On Thu, 7 Sep 2023 10:04:11 +0800
Yu Kuai [off-list ref] wrote:

quoted

Hi,

在 2023/09/06 18:27, Mariusz Tkaczyk 写道:

quoted

On Wed, 6 Sep 2023 14:26:30 +0800
AceLan Kao [off-list ref] wrote:

quoted

   From previous testing, I don't think it's an issue in systemd, so I
did a simple test and found the issue is gone.
You only need to add a small delay in md_release(), then the issue
can't be reproduced.

diff --git a/drivers/md/md.c b/drivers/md/md.c
index 78be7811a89f..ef47e34c1af5 100644
--- a/drivers/md/md.c
+++ b/drivers/md/md.c

@@ -7805,6 +7805,7 @@ static void md_release(struct gendisk *disk)

{
          struct mddev *mddev = disk->private_data;

+       msleep(10);
          BUG_ON(!mddev);
          atomic_dec(&mddev->openers);
          mddev_put(mddev);

I have repro and I tested it on my setup. It is not working for me.
My setup could be more "advanced" to maximalize chance of reproduction:

# cat /proc/mdstat
Personalities : [raid1] [raid6] [raid5] [raid4] [raid10] [raid0]
md121 : active raid0 nvme2n1[1] nvme5n1[0]
         7126394880 blocks super external:/md127/0 128k chunks

md122 : active raid10 nvme6n1[3] nvme4n1[2] nvme1n1[1] nvme7n1[0]
         104857600 blocks super external:/md126/0 64K chunks 2
near-copies
[4/4] [UUUU]

md123 : active raid5 nvme6n1[3] nvme4n1[2] nvme1n1[1] nvme7n1[0]
         2655765504 blocks super external:/md126/1 level 5, 32k chunk,
algorithm 0 [4/4] [UUUU]

md124 : active raid1 nvme0n1[1] nvme3n1[0]
         99614720 blocks super external:/md125/0 [2/2] [UU]

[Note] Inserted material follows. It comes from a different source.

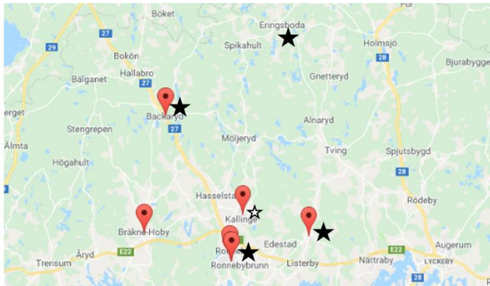
Bild 1 Vård- och omsorgsboenden (röda markeringar), trygghetsboenden/dagcentral (stjärnor)

Det serveras mat till äldre personer på många olika ställen i kommunens regi. Kostenheten står för matsserveringen på vård- och omsorgsboendens samt trygghetsboendet Björkliden i Eringsboda. Äldreförvaltningen står för matsservering på övriga trygghetsboenden samt dagcentral/mötesplats Elsa.

md125 : inactive nvme3n1[1](S) nvme0n1[0](S)
         10402 blocks super external:imsm

md126 : inactive nvme7n1[3](S) nvme1n1[2](S) nvme6n1[1](S)
nvme4n1[0](S)
         20043 blocks super external:imsm

md127 : inactive nvme2n1[1](S) nvme5n1[0](S)
         10402 blocks super external:imsm

I have almost 99% repro ratio, slowly moving forward..

It is endless loop because systemd-shutdown sends ioctl "stop_array"
which
is successful but array is not stopped. For that reason it sets
"changed =
true".

How does systemd-shutdown judge if array is stopped? cat /proc/mdstat or
ls /dev/md* or other way?

Hi Yu,

It trusts return result, I confirmed that 0 is returned.
The most weird is we are returning 0 but array is still there, and it is
stopped again in next systemd loop. I don't understand why yet..

quoted

Systemd-shutdown see the change and retries to check if there is
something
else which can be stopped now, and again, again...

I will check what is returned first, it could be 0 or it could be
positive
errno (nit?) because systemd cares "if(r < 0)".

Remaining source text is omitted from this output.